> [WORK ITEM]: What needs reproducing is the run of lines in the data below starting at the line with "전날 경기는 다저스의" and ending at the line with "Photograph of a", both ends included. Copy it exactly, without pictures, and add nothing.

+++ PROVIDED MATERIAL

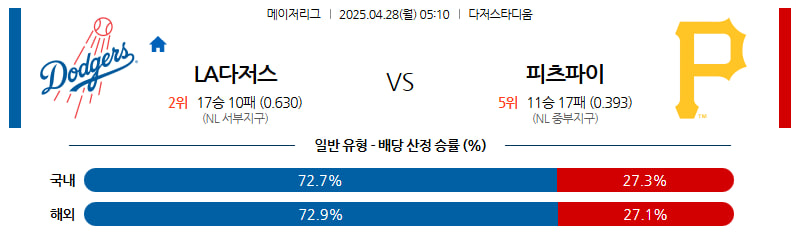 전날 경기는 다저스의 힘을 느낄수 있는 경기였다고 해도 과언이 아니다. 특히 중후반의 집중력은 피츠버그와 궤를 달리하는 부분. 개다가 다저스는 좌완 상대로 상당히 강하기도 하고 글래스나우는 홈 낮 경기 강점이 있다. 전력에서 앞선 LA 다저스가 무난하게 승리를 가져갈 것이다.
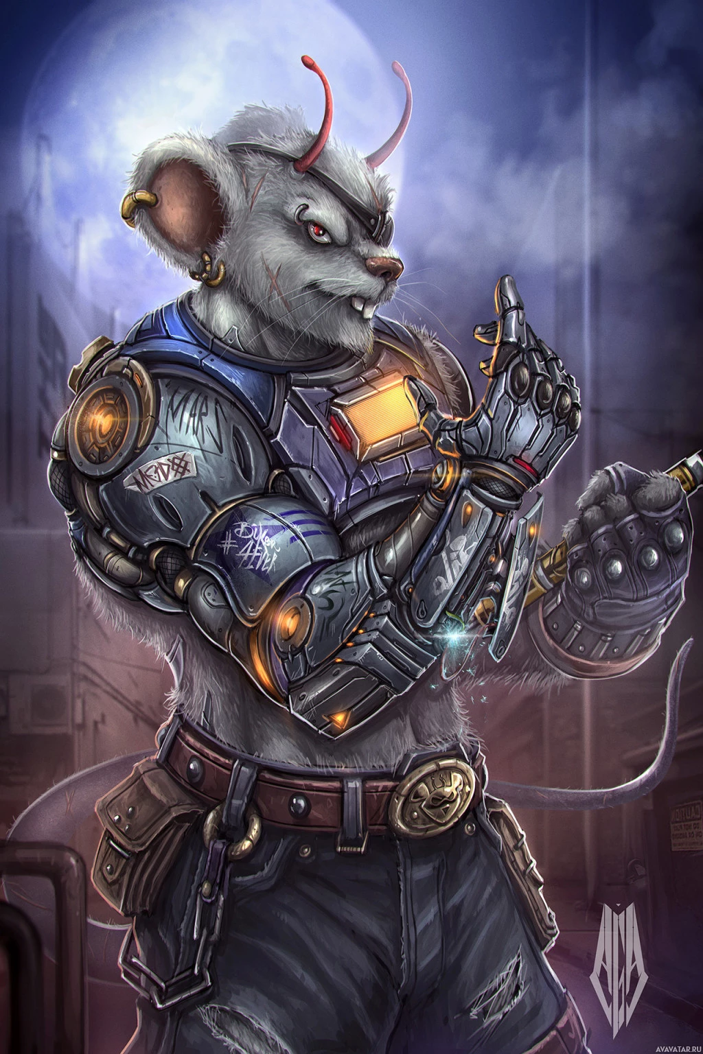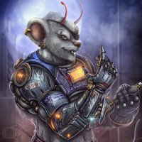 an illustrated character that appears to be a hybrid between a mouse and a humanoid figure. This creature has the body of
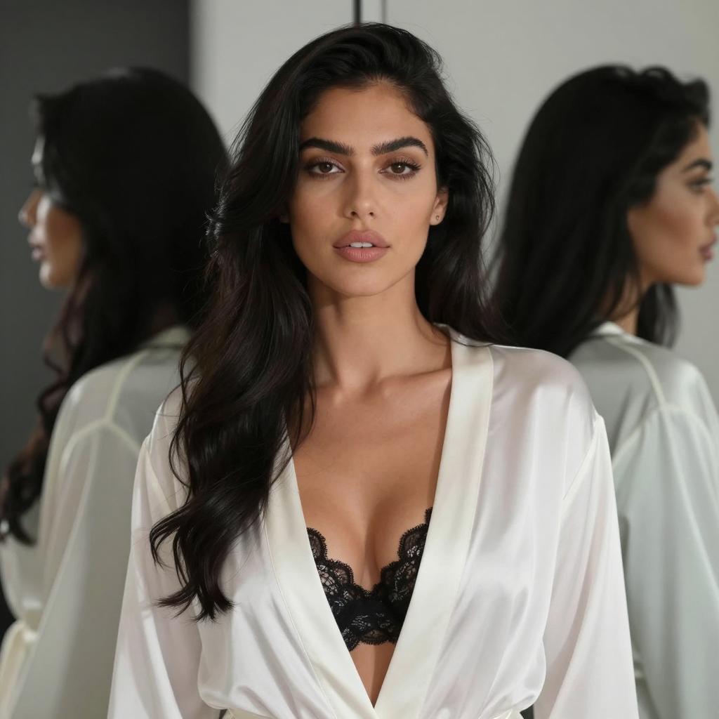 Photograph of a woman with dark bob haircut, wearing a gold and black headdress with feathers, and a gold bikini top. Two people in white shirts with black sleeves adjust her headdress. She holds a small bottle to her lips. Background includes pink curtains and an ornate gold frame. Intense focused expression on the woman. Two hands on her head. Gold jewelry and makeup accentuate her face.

++++++
+++ PROVIDED MATERIAL

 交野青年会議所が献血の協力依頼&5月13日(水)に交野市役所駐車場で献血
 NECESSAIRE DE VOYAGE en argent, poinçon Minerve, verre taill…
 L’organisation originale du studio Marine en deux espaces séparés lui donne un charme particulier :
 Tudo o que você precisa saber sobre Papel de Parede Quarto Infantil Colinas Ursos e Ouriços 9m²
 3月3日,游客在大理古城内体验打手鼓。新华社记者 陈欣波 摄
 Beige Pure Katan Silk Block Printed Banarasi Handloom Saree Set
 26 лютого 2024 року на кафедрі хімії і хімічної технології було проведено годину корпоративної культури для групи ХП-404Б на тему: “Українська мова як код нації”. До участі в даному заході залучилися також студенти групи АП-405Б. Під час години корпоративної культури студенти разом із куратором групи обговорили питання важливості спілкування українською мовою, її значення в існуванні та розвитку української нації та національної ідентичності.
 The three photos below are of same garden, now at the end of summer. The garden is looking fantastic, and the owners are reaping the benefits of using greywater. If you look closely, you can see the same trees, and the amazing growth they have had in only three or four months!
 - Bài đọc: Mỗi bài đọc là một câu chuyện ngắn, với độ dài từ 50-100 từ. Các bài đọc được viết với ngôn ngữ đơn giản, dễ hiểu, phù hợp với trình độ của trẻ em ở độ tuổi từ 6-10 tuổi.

++++++
+++ PROVIDED MATERIAL

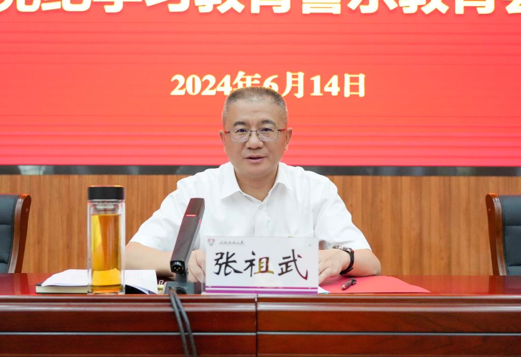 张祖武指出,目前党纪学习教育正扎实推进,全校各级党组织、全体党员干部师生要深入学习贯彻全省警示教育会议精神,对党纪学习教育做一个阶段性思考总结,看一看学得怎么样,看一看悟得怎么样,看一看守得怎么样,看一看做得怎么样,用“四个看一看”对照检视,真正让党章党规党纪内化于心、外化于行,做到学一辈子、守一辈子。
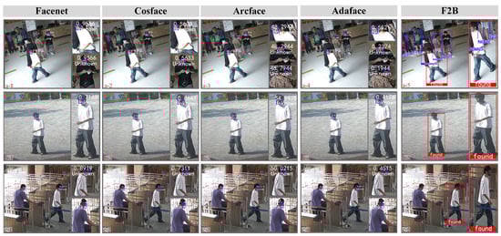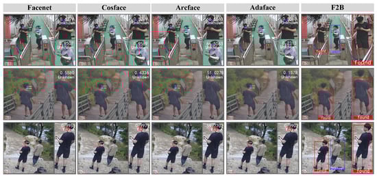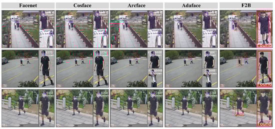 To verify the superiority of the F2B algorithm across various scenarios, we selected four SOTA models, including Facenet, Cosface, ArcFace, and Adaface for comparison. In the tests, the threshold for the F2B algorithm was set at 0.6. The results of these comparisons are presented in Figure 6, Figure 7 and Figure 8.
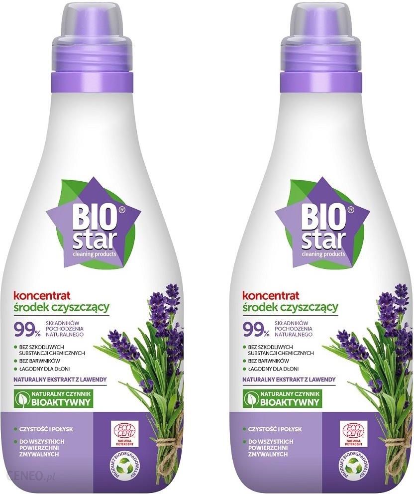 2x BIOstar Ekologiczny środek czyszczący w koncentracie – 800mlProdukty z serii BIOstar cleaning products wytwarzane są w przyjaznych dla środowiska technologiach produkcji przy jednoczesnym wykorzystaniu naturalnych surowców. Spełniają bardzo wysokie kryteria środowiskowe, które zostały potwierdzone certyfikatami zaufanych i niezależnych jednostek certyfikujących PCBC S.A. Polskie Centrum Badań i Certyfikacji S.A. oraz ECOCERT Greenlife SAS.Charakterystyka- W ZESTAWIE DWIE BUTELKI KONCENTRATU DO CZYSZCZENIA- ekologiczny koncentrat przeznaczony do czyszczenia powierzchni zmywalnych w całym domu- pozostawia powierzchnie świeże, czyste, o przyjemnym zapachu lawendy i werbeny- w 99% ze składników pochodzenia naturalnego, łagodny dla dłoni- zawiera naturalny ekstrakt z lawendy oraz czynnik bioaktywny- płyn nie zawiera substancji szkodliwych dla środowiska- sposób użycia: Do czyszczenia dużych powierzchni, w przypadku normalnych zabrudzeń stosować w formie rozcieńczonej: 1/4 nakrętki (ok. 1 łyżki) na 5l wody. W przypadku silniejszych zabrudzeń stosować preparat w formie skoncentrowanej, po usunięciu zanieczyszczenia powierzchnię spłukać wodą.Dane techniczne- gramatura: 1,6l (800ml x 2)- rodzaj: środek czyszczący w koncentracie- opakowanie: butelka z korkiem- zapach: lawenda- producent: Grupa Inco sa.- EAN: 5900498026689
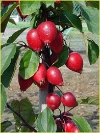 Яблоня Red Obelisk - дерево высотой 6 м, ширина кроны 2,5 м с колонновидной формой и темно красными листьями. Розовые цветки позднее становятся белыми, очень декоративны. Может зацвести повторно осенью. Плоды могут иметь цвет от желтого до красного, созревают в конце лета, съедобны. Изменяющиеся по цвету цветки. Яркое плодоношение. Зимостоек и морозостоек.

++++++

> [FINISHED TASK]:
 전날 경기는 다저스의 힘을 느낄수 있는 경기였다고 해도 과언이 아니다. 특히 중후반의 집중력은 피츠버그와 궤를 달리하는 부분. 개다가 다저스는 좌완 상대로 상당히 강하기도 하고 글래스나우는 홈 낮 경기 강점이 있다. 전력에서 앞선 LA 다저스가 무난하게 승리를 가져갈 것이다.
 an illustrated character that appears to be a hybrid between a mouse and a humanoid figure. This creature has the body of
 Photograph of a woman with dark bob haircut, wearing a gold and black headdress with feathers, and a gold bikini top. Two people in white shirts with black sleeves adjust her headdress. She holds a small bottle to her lips. Background includes pink curtains and an ornate gold frame. Intense focused expression on the woman. Two hands on her head. Gold jewelry and makeup accentuate her face.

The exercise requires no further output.